▶ **Work request**:
Go to the line that contains "Julio Rodriguez Signed" in the records below and repeat it, and each line after it, exactly through the end, omitting pictures.

▶ **Extracted material**:
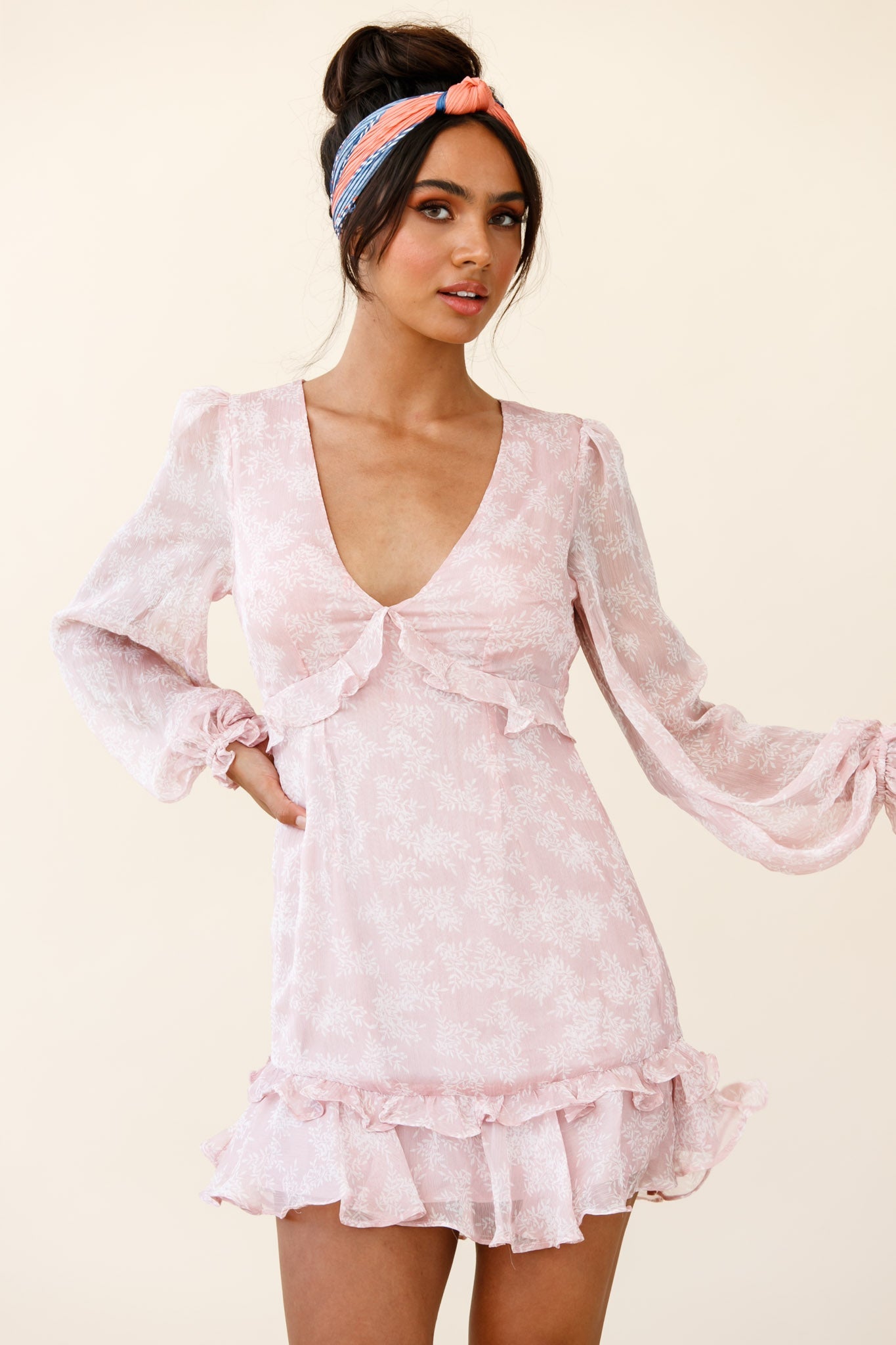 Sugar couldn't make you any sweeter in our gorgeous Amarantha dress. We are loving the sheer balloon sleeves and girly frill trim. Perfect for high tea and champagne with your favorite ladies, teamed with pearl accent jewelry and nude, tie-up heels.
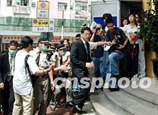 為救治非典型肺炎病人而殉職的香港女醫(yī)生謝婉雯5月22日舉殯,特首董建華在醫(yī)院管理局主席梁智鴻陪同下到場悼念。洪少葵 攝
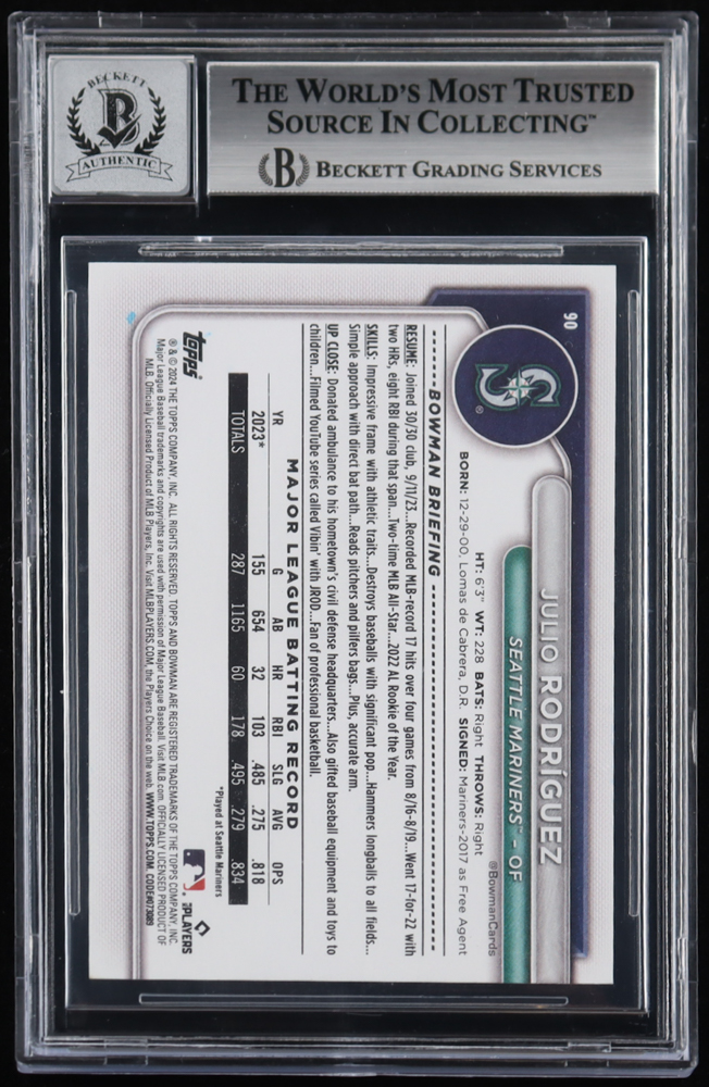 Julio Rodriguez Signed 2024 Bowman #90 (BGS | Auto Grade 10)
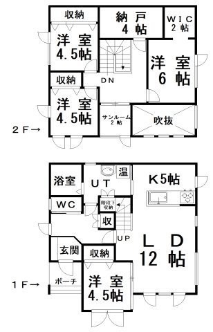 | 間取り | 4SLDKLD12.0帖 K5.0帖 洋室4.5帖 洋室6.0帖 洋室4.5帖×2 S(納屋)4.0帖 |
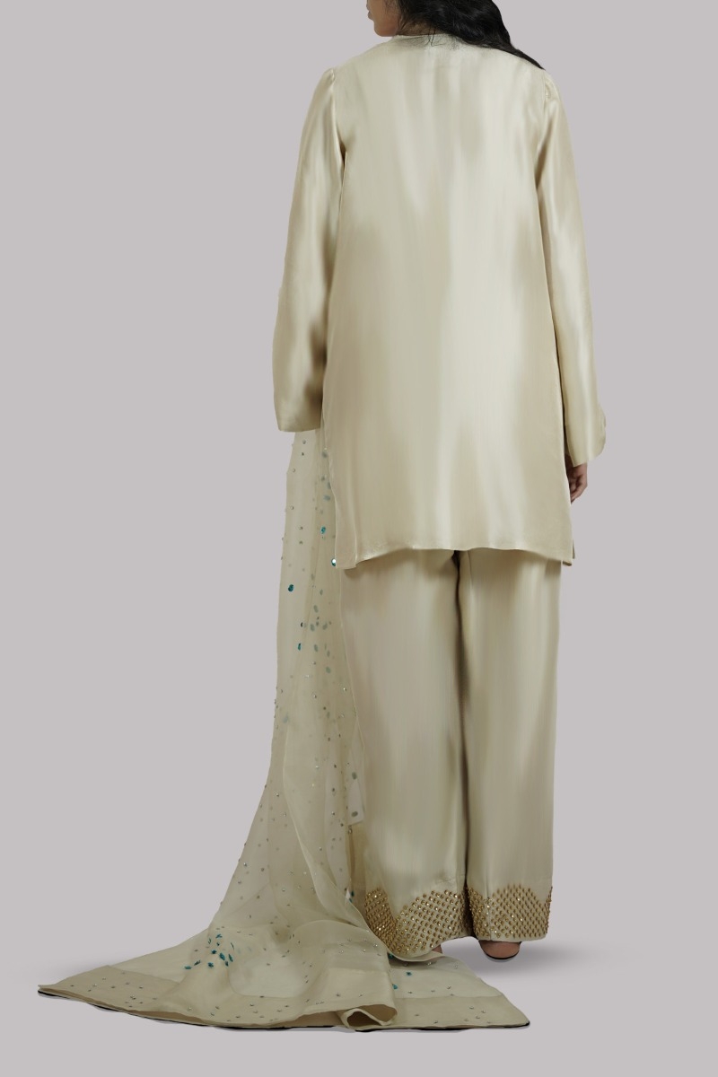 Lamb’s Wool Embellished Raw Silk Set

▶ **Result below**:
 Julio Rodriguez Signed 2024 Bowman #90 (BGS | Auto Grade 10)
 | 間取り | 4SLDKLD12.0帖 K5.0帖 洋室4.5帖 洋室6.0帖 洋室4.5帖×2 S(納屋)4.0帖 |
 Lamb’s Wool Embellished Raw Silk Set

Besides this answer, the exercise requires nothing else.